The egg dishes tasted like they’d been started with the steak and then kept warm — unacceptable. Here’s how to properly scramble eggs, imagine your way to a properly cooked omelet from here:
None of the tables around us got food in a timely fashion. glo’s kitchen is either under-staffed, under-experienced, under-motivated, or under-skilled. Or maybe some combination thereof.
The food was served without an eye to presentation, which is disappointing because most of the dishes I saw on other tables were presented with a pseduo-haute flair.
Service: 1 of 5.
glo feels more than informal — it feels too relaxed, like the difference between a sweater and a sweatshirt.
The patio’s bamboo shades had been trimmed into uselessness and then left in place. The planters blocked isles and bottlenecked traffic. They’d been useless long enough that waiters were stepping over the boxes — so why even have them?

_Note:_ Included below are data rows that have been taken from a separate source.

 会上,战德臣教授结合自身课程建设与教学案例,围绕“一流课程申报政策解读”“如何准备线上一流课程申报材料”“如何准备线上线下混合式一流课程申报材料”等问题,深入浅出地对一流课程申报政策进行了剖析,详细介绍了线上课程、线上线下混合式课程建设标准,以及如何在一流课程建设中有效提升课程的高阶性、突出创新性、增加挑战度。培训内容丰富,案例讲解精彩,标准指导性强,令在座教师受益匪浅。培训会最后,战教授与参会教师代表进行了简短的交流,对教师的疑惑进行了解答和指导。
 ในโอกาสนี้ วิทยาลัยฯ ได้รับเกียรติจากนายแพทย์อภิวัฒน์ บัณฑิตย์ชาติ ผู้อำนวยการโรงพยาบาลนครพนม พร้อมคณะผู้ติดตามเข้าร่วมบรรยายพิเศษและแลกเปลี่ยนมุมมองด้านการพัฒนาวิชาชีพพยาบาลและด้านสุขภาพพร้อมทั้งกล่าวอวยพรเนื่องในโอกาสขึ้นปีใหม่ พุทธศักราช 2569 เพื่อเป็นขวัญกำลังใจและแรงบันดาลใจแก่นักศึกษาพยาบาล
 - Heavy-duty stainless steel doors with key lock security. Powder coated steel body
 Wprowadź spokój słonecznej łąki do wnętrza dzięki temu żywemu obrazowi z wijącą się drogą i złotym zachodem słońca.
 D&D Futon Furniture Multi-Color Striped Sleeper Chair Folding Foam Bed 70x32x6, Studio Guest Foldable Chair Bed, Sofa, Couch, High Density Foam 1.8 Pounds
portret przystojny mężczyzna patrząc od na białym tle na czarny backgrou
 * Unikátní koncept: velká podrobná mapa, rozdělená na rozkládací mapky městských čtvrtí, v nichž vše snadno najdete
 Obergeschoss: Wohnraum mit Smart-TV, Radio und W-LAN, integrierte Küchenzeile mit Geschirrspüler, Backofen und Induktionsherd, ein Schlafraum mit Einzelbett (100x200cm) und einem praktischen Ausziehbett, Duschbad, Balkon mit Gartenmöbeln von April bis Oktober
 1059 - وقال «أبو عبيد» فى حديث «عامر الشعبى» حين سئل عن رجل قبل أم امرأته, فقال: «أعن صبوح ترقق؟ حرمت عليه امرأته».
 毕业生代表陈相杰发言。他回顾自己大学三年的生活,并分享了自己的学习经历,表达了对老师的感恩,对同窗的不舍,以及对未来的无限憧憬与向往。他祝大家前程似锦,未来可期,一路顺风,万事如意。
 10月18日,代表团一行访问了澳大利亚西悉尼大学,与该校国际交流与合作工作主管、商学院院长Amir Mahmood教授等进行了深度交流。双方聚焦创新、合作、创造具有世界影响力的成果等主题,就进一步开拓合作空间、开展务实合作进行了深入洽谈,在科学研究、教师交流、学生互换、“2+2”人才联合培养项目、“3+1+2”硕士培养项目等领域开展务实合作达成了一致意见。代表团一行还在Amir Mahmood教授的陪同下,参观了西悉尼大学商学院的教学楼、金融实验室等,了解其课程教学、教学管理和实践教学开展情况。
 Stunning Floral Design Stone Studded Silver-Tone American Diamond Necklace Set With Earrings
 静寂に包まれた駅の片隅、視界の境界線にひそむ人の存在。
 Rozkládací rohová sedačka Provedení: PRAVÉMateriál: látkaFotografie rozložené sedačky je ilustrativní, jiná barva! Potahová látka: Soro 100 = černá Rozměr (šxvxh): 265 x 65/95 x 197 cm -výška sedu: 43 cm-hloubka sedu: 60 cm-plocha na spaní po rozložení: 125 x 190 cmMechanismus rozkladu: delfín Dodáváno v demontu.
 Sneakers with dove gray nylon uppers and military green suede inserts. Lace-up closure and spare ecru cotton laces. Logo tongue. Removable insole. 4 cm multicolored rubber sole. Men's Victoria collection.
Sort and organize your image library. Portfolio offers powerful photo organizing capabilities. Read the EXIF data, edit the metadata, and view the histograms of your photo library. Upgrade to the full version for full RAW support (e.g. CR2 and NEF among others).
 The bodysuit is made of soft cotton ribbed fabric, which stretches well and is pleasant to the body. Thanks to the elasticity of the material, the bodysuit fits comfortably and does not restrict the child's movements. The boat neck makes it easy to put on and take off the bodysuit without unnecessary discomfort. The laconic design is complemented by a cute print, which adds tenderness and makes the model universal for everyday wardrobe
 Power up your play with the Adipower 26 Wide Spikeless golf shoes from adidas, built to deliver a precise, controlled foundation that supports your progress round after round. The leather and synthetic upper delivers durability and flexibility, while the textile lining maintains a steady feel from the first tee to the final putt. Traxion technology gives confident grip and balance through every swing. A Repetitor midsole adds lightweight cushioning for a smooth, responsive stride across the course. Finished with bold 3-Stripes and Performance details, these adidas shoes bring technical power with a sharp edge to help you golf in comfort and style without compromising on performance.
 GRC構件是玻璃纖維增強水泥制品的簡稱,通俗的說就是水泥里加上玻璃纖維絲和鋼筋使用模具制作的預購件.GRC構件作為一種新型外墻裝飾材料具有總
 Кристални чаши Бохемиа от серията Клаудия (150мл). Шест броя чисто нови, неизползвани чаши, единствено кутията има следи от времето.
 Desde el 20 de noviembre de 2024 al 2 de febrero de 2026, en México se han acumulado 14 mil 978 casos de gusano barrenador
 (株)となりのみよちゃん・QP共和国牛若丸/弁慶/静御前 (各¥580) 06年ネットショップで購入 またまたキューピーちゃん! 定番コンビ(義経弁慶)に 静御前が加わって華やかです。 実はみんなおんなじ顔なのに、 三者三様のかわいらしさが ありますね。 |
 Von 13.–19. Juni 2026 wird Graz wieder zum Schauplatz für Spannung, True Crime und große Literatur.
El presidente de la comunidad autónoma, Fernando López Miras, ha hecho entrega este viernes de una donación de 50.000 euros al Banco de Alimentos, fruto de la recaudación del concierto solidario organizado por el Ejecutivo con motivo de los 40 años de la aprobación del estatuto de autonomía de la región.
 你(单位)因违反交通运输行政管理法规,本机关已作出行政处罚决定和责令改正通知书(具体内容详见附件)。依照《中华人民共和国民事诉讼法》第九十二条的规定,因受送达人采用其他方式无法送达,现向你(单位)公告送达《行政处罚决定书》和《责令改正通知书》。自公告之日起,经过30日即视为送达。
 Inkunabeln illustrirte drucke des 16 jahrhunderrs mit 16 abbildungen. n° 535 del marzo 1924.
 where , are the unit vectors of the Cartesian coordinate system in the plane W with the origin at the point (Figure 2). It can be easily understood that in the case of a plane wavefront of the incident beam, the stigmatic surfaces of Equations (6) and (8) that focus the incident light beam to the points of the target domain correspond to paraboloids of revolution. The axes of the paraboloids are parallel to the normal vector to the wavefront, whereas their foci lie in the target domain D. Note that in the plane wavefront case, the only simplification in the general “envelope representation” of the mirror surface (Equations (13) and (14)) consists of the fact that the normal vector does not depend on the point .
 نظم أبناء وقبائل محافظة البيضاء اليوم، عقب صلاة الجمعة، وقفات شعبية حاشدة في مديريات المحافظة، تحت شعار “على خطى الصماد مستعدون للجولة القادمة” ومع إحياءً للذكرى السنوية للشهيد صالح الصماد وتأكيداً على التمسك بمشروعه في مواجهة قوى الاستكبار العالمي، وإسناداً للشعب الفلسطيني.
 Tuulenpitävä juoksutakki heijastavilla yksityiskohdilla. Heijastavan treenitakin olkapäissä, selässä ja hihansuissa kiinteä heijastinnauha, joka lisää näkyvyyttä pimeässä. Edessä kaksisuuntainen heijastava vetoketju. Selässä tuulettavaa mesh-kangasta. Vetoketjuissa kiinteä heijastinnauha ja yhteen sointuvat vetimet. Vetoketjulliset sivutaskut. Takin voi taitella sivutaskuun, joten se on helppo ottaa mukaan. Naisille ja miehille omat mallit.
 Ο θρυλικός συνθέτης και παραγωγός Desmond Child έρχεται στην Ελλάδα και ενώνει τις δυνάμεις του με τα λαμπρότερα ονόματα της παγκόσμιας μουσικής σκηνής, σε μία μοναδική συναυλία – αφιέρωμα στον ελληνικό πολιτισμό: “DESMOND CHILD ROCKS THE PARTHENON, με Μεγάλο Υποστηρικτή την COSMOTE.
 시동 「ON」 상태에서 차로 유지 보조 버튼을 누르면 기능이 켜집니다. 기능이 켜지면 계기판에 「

Combined with the trash cans, the tatty menus, the entryway speaker-fuzz, and the unstowed cooking supplies, the unthinking arrangement of the bamboo planters gave the place the feel of a restaurant without a manager. Or maybe with a tasteless one. In either case, that lack of care was reflected in the food.
That said, the space is great and the “hard” aspects of the design — those that are more resistant to a lack of care, like the building and internal fixtures — work well. And being in Victoria on a sunny day is pleasurable by default.
Ambiance: 2 of 5.
Overall, glo is fine for a relaxed time out. I feel as though I’ve panned it more than it deserves, like a nice-but-stupid dog you keep having to choke. Let’s put this review in the context of the reviews I haven’t written yet: glo is above-average for its class in Victoria.
But with a little discipline it could be so much more. It just feels unmanaged — no consistent vision, no steady hand.
Final: 2 of 5.



I’m sure you’re completely right. I’ve been there once, and all I remember can be summed up in a 2 word review: nice patio
Ryley
1 Jun 09 at 8:59 am
It’s interesting to note that Ramsey’s procedure is from Escoffier, who permitted chefs to scramble eggs over direct heat instead of a double-boiler, as was done in pre-modern kitchens. Personally I like my scrambled eggs with curds.
Jared
1 Jun 09 at 9:29 am
I just cooked eggs using the Ramsay method. Very good…
Thanks.
Don
3 Jun 09 at 6:43 am
You really need to use all that fat to keep it from sticking when you cook over low heat. :-/
Jared
3 Jun 09 at 9:00 am
I have been meaning to post that I really enjoyed reading this review. I generally find myself skimming over restaurant reviews but you held my interest.